Geva tidak pernah menceritakan kejadian malam itu pada siapapun. Bahkan pada Giana sekalipun. Hanya dirinya dan Louis yang menyimpan rahasia soal Arkan.

"Ge, Sayang!" panggil Giana dan Geva langsung menoleh. Wanita itu mendengkus karena pertanyaan sebelumnya tidak dijawab—mengira kalau kekasihnya itu tidak mendengar, tapi ketika dipanggil sekali, Geva langsung menoleh.

"Kenapa?"

"Nanti sore, aku mau pulang ke rumah orangtuaku. Kamu bisa tinggal di sini atau balik ke unitmu juga nggak apa-apa."

"Kok mendadak?"

Giana mulai mengiris mentimun menjadi irisan tipis dan memanjang, yang kemudian dia masukkan ke dalam mangkuk berisi air dingin serta es batu agar tetap segar.

"Adikku ulang tahun dan kebetulan juga mau kenalin calon tunangannya ke keluarga."

Geva tidak pernah tahu kalau Giana memiliki seorang adik. Bahkan dia tidak pernah bertanya apapun soal kehidupan kekasihnya itu. Karena ... menurut Geva, dia belum perlu sejauh itu mengetahui latar belakang Giana. Dia belum mencintainya.

"Oh gitu." Hanya itu tanggapan Geva.

Karena tidak akan mungkin dia menawarkan diri untuk ikut hadir untuk bertemu orangtua Giana dalam keadaan anaknya yang sedang mengandung seperti sekarang, bukan?

Giana memiliki tubuh yang ramping. Dalam usia kandungan yang sudah memasuki lima bulan, perutnya sudah terlihat sangat membuncit, karena biasanya perut Giana selalu rata. Dia tidak ingin merusak suasana.

"Cuma itu?" Giana mengangkat wajahnya dan matanya bertemu dengan mata Geva yang sedari tadi memerhatikannya sedang mengiris mentimun.

"Apanya?" tanya Geva bingung.

"Responmu cuma 'oh gitu'?" Giana cemberut. Dia meraih satu buah wortel yang sudah bersih setelah dicuci tadi. Dengan perasaan sedikit kecewa, Giana mengiris wortel di atas talenan kayu sampai menimbulkan suara yang mana membuat Geva mengerti kalau kekasihnya itu mengharapkan respon lebih.

Tiba-tiba ....

"Aw!" Pisau yang digunakan Giana untuk mengiris wortel, dilemparkan ke dalam wastafel. Wanita itu mengisap jari telunjuknya yang tidak sengaja tergores.

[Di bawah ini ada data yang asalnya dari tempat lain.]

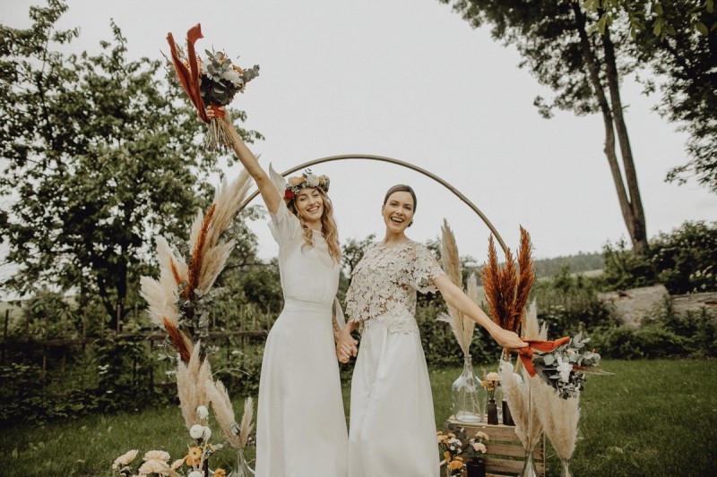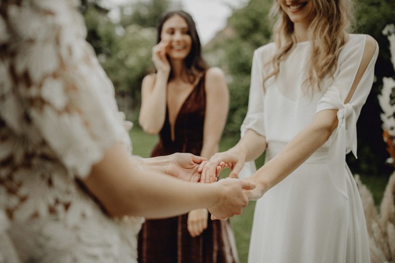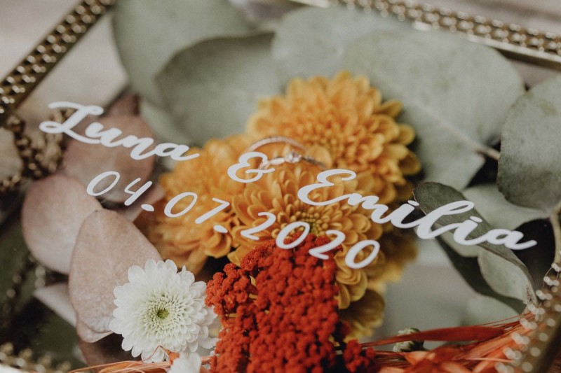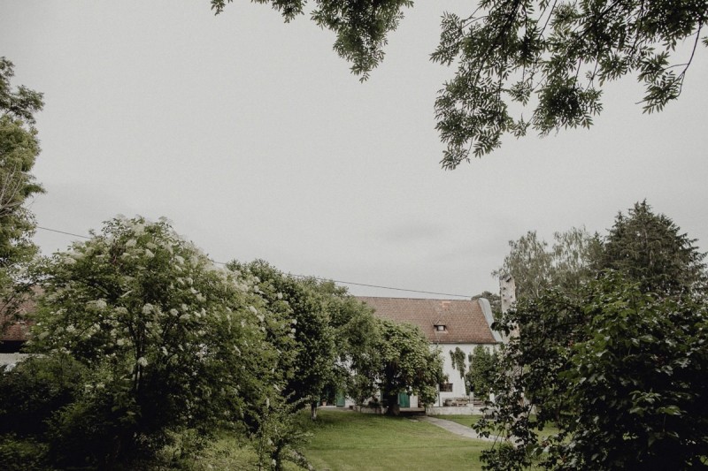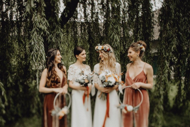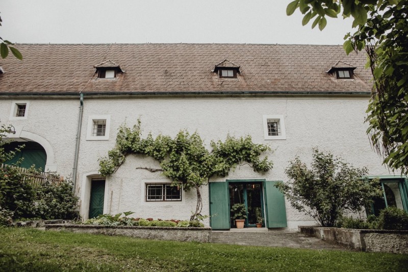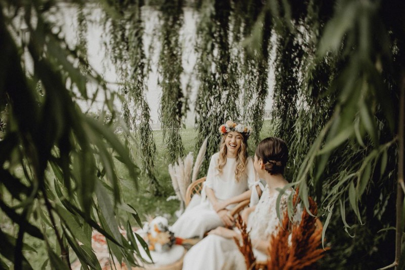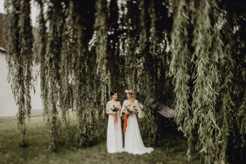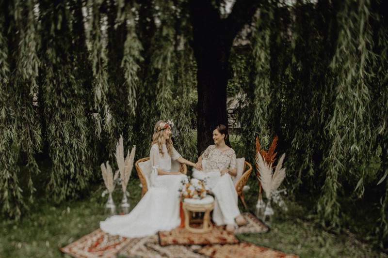 Große wunderschöne Gärten, die in strahlendem Grün von Ruhe durchzogen sind. Ein mystischer Naturteich mit schmalem Steg, eine alte Trauerweide und hohe Bäume die in den Himmel ragen. Auf dem Anwesen der ehemaligen Schlossanlage Zwerbach in Ruprechtshofen erinnert nur noch der nun 400 Jahre alte Meierhof an die prächtige Zeit des Schlosses. Hier steht der Gutshof Szilagyi, der nach liebevollen Renovierungen die charmante Location für diese besondere Green Wedding im Bohemian Chic Stil stellt. Naturverbunden, achtsam umgehend sowohl mit der Umgebung als auch für Bohohochzeiten mit nachhaltigem Konzept entdecken! Gleich vorweg: Es erwarten euch einige Bilder mehr als sonst, denn diese Inspiration ist wirklich ausladend! Ob romantisches Dinner Setting, Wahnsinns Traulocation, köstlicher Sweet Table, Bio Limo Bar oder kuschelige Sitzecke unter der Trauerweide – hier wurde wirklich an alles gedacht. Zudem erwarten euch in dieser Inspiration gleich zwei wirklich wunderschöne Brautlooks, denn hier wurde ein romantisches Elopement eines gleichgeschlechtlichen Paares inszeniert. Und da die beiden bezaubernden Bräute ihre bildhübschen Bridesmaids an der Hand hatten, erwarten euch auch noch zwei ganz tolle Trauzeuginnen-Looks. Bei alle dem wurde das Thema Nachhaltigkeit immer im Auge, oder sagen wir treffender, im Herzen behalten. Alle Beteiligten möchten mit dieser Inspiration zeigen, dass eine fulminante Bohohochzeit ganz wundervoll mit Blick auf das wichtige Thema Nachhaltigkeit kreiert werden kann.
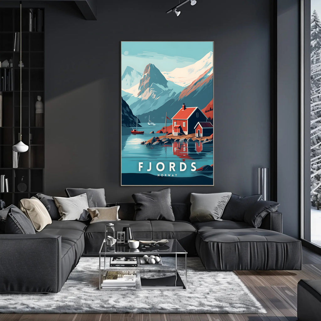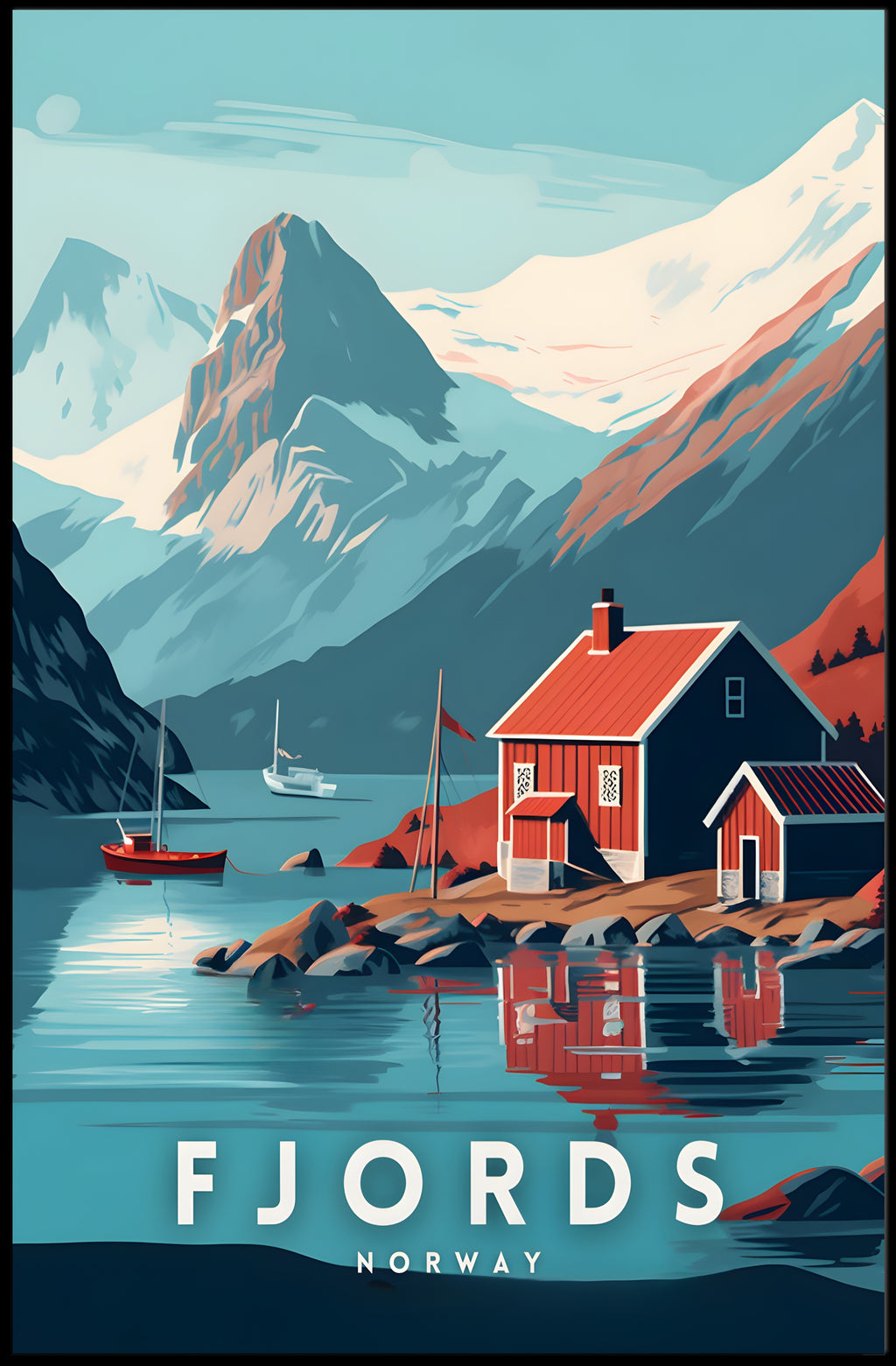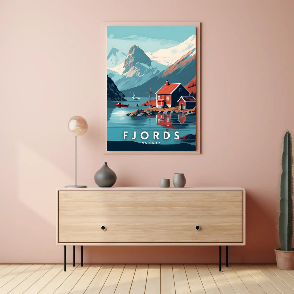 Immerse yourself in the breathtaking beauty of a Norwegian fjord with this captivating poster. The artwork showcases a picturesque red cabin with white trim, nestled on the serene water's edge. Majestic snow-capped mountains rise dramatically in the background, adding a sense of grandeur. Bold colors and clean lines define the modern, stylized artistic approach, while vibrant red and blue tones accentuate the natural splendor of Norway. This poster evokes a peaceful, tranquil mood, ideal for anyone enchanted by Nordic landscapes or looking to celebrate Norway's stunning travel destinations through art.

"Astaga, Gia!" Geva melompat dari sofa dan segera memeriksa luka di jari Giana. Dia mencelupkan jari Giana ke dalam mangkuk yang berisi air dingin serta irisan mentimun. Giana melotot padanya, tapi dia tidak peduli.

"Ya, ampun! Kenapa kamu celupkan jariku ke sini? In ikan, ada mentimunnya, Geva!"

"Kenapa kamu mengiris jarimu? Ini kan, bukan mentimun, Giana."

Mendengus kesal. Giana tidak dapat menerima bentuk lelucon apapun untuk saat ini. "Liat itu! Airnya jadi warna merah muda begitu," kata Giana yang sudah menarik jarinya keluar dari dalam mangkuk.

Pendarahannya sudah berhenti dan Geva mengeringkannya menggunakan handuk kecil sebelum membungkusnya dengan plester yang diambilnya dari dalam kotak P3K.

"Bukannya merah muda adalah warna kesukaan setiap wanita?"

"Aku enggak!" Tapi Berlian suka.

Berlian ... bagaimana kabarnya saat ini?

.

.

.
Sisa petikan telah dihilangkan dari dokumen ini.